What I'm curious about now is how good a predictor average CR for a pair of teams is for the game's outcome.  In general does the team with the lowest CR win future games.  How should standard deviation of CR play into that calculation.  Washington has a poor CR (2.41) but was able to post one sub-2.0 number.  Could they get hot and beat an elite team by putting up their best efficiency number (1.83).  Pitt (1.76!) has a fairly stable CR, so the likelihood of getting a "bad" game out of them seems low.

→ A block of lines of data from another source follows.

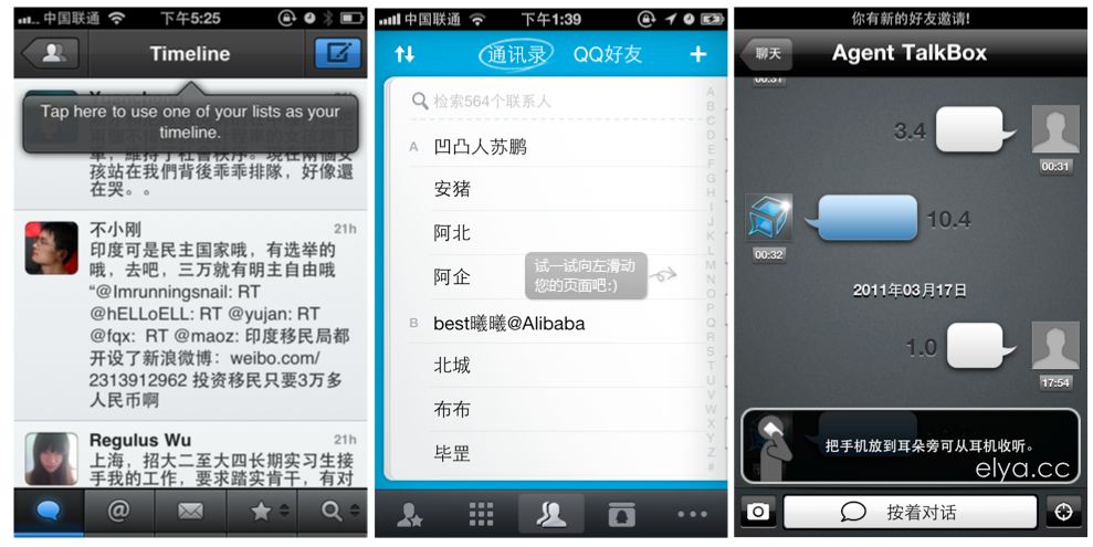 從做到右依次是Tweetbot、QQ通訊錄和Talkbox
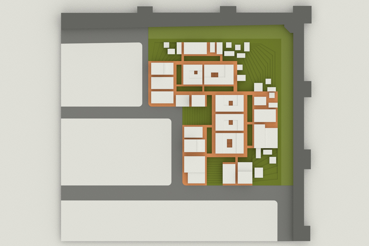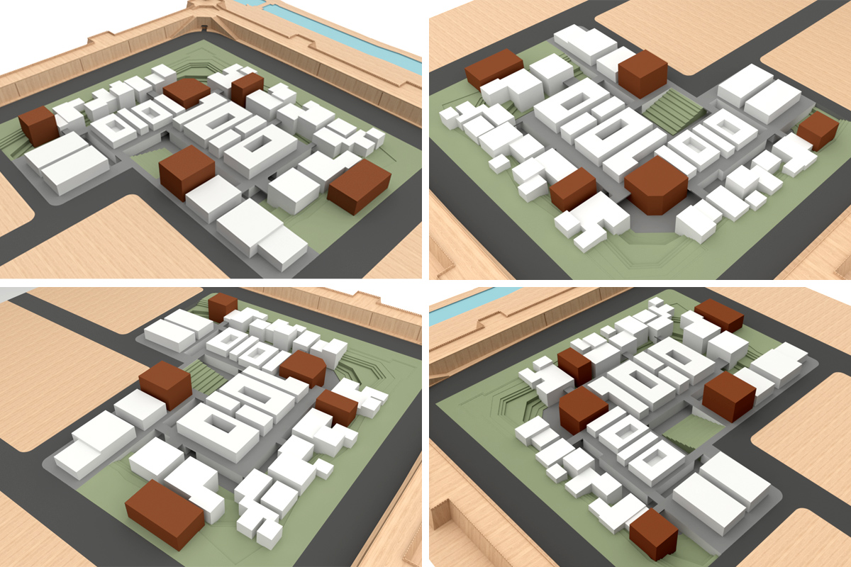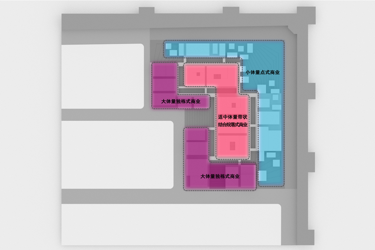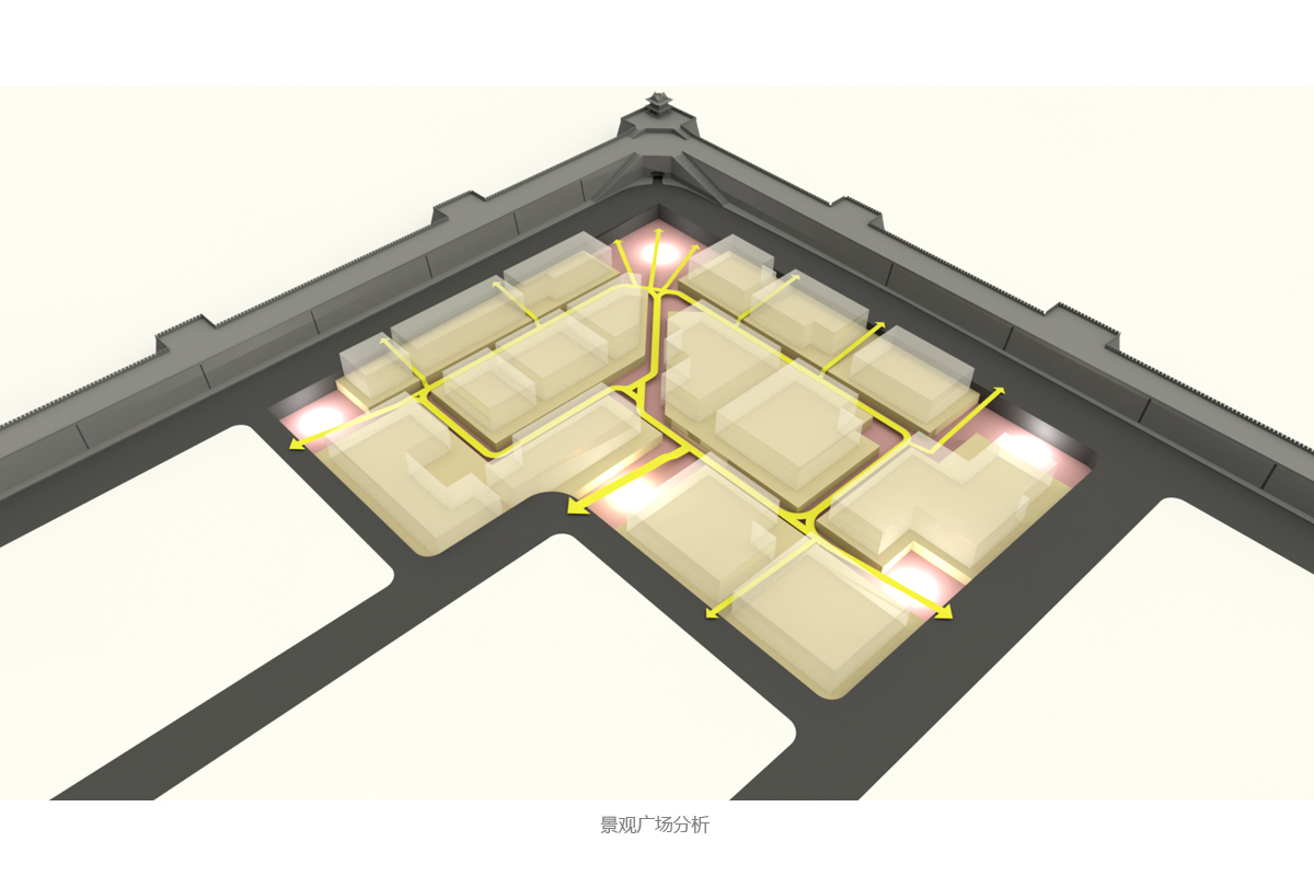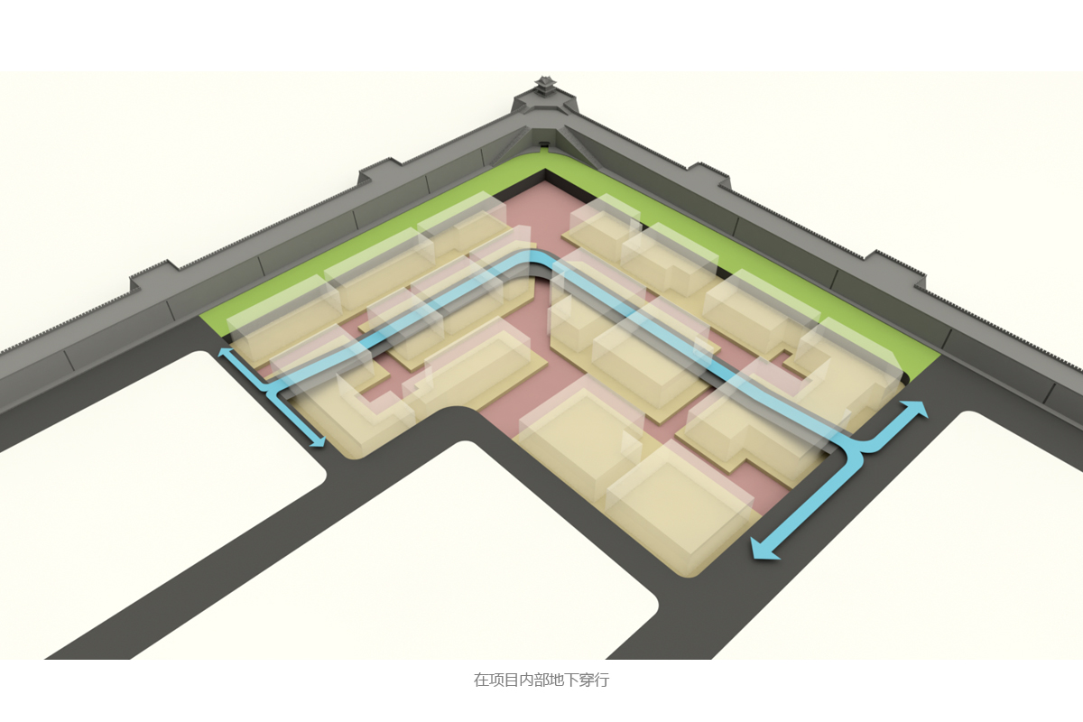 废除用地内的社会机动车路,只使用用地靠城内一侧的城市支路,另外在用地内部做下沉式商业街,设置景观游览车,将沿城墙的所有节点和片区串联起来;
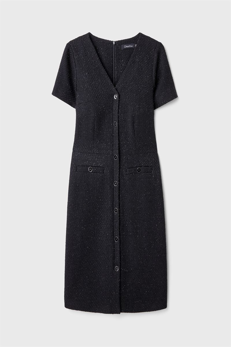 Önden Düğmeli Siyah Tüvit Elbise
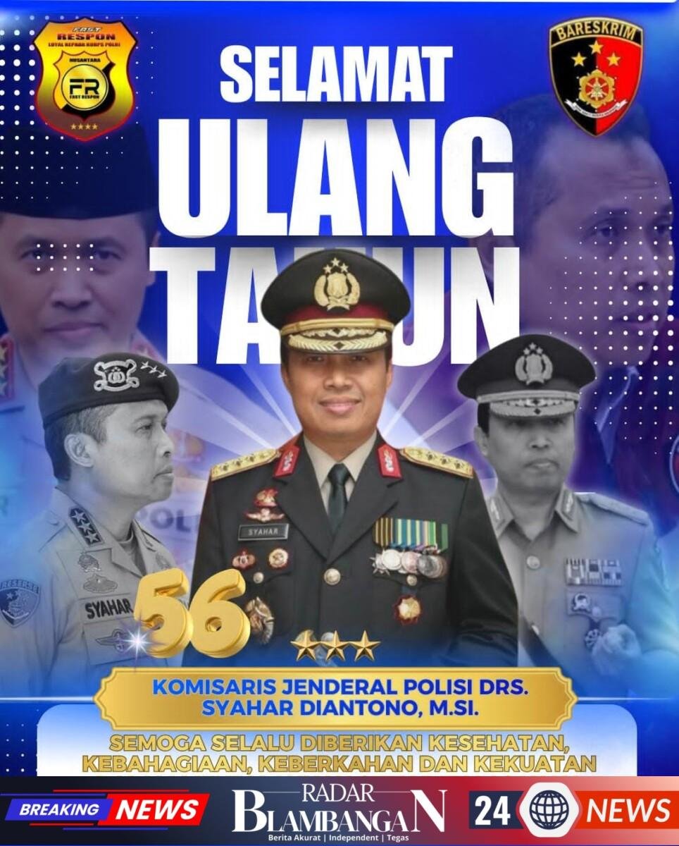 RADAR BLAMBANGAN.COM, | Jakarta, – Ketua Umum Perkumpulan Wartawan Fast Respon (PW-FRN), Agus Flores, beserta seluruh jajaran pengurus pusat dan daerah menyampaikan ucapan selamat ulang tahun yang ke-56 kepada Komisaris Jenderal (Komjen) Pol. Drs. Syahar Diantono, M.Si.
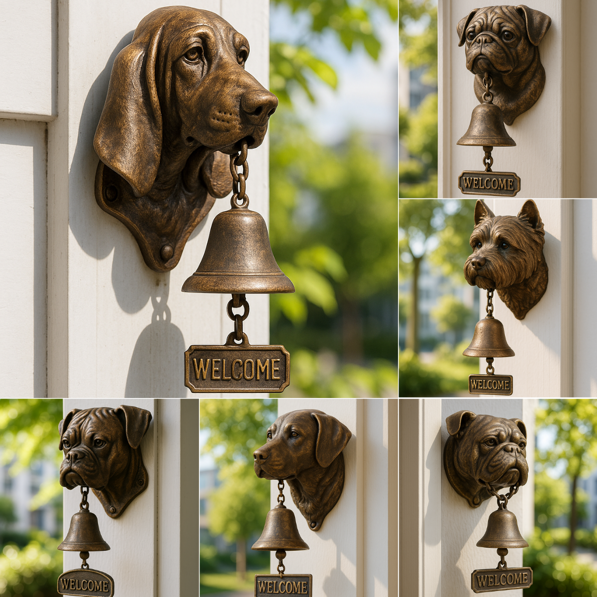 This welcome bell features the beloved West Highland White Terrier with its classic rounded face, alert ears, and warm gaze—captured in a rich antique bronze finish that adds warmth to any entrance.
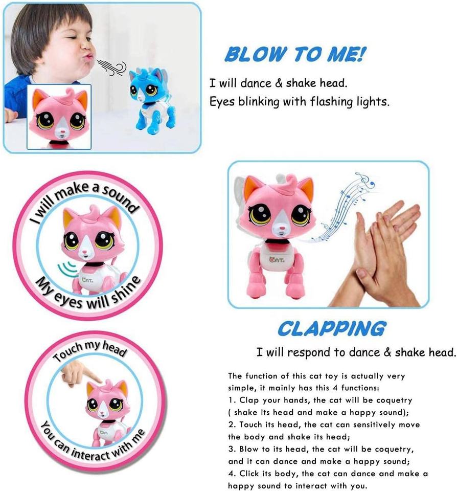 Jouet robot interactif électrique pour animaux, robot chat qui marche et danse avec musique électronique et compagnon pour animaux de compagnie pour les filles, plaisir de jeu
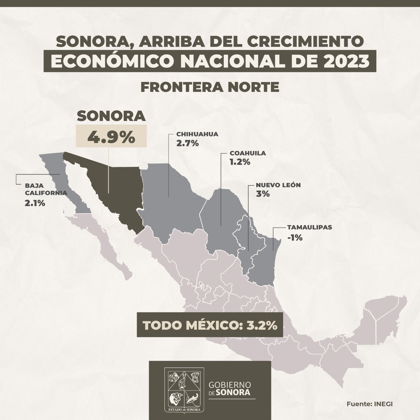 Al darse a conocer el comportamiento de la economía para el cuarto trimestre de 2023, con base a datos a serie detallada, Sonora creció un 4.2% respecto al mismo periodo del año anterior. El crecimiento económico del estado en 2023 obedeció al desarrollo de sectores económicos, donde destaca el nearshoring con un incremento de la construcción anual de un 27% y la manufactura un 7.2%.

I feel like there is some room for innovation there.  Given enough data we could look at the effect a "good defensive team's"impact on opponent's CR as compared to that opponent's average CR.  Anyway, I have to go.  Hopefully I didn't ramble too much.


Matt said...

The CR statistic seems interesting but your sampling method may be biased towards better teams. You'll probably need to look at a format where every game is filmed to correct the results.

Since you're only looking at filmed games you only have two types of games - "interesting" pool play games and the end of bracket play.

The problem with the "interesting" qualifier is it hurts the lower tiered teams. So, for example, Texas will only be filmed (during pool play) if they play against a top team like Pitt. However Pitt will be filmed if they play against a top 20 team or another top 10 team.

Bracket play is even worse. If you win you are more likely to be included in the sample. So at the Stanford Invite, Washington didn't get their final game filmed but Pitt did. This means if your team has a bad game it doubly effects your CR as you don't get the second data point.

Martin said...

Good point, but I can only work with what I've got. There is definitely a bias, not only because of the choice of game filmed but also the events the filming occurs. I will get almost no data from conferences, and likely little from regionals. The same goes for smaller tournaments. But this is a beginning and we can see where it goes from here. I will reserve making any large declarative statements until the sample size is large enough.

Flo said...

If you are looking at a teams CR over several games, you should also look at opponents CR over several games as a statistic. You collected the data, you might as well look at it this way.

A low CR means some combinations of two things: A good offense and a defense that creates turn overs in advantageous positions.

A high OCR means good defense and an offense that mostly turns it over close to the red zone (and maybe good pulls).

The Carr said...

My favorite stat to record is touches- gives you great individual stats like completion % and usage %. However, my team doesn't have a designated stat taker, so touches are too difficult for me to record while coaching.

Possessions, however, are pretty easy to keep track of while still coaching and calling lines. I love calculating conversion %, and it's a very telling stat for me to use to look at how my O and D lines are performing. I know that even if my O line didn't get broken in a game, if we only converted on 40% of our possessions, we were in trouble if we played a team with a more efficient offense. It helped me keep my players grounded and focused on our performance regardless of the game score.

In a situation where you know the conversion rates of both O and D lines of both teams about to play, those stats would help you predict the type of game you were about to see. Say a good team has an O-line with a relatively high conversion rate and they're playing a lower seeded team that has a D-line with a low conversion rate- that would set off the upset alert: A team with a high risk offense facing off against a D that might not be great at getting turns, but is good at converting turns into breaks.

Oscar Iguaro said...
This comment has been removed by a blog administrator.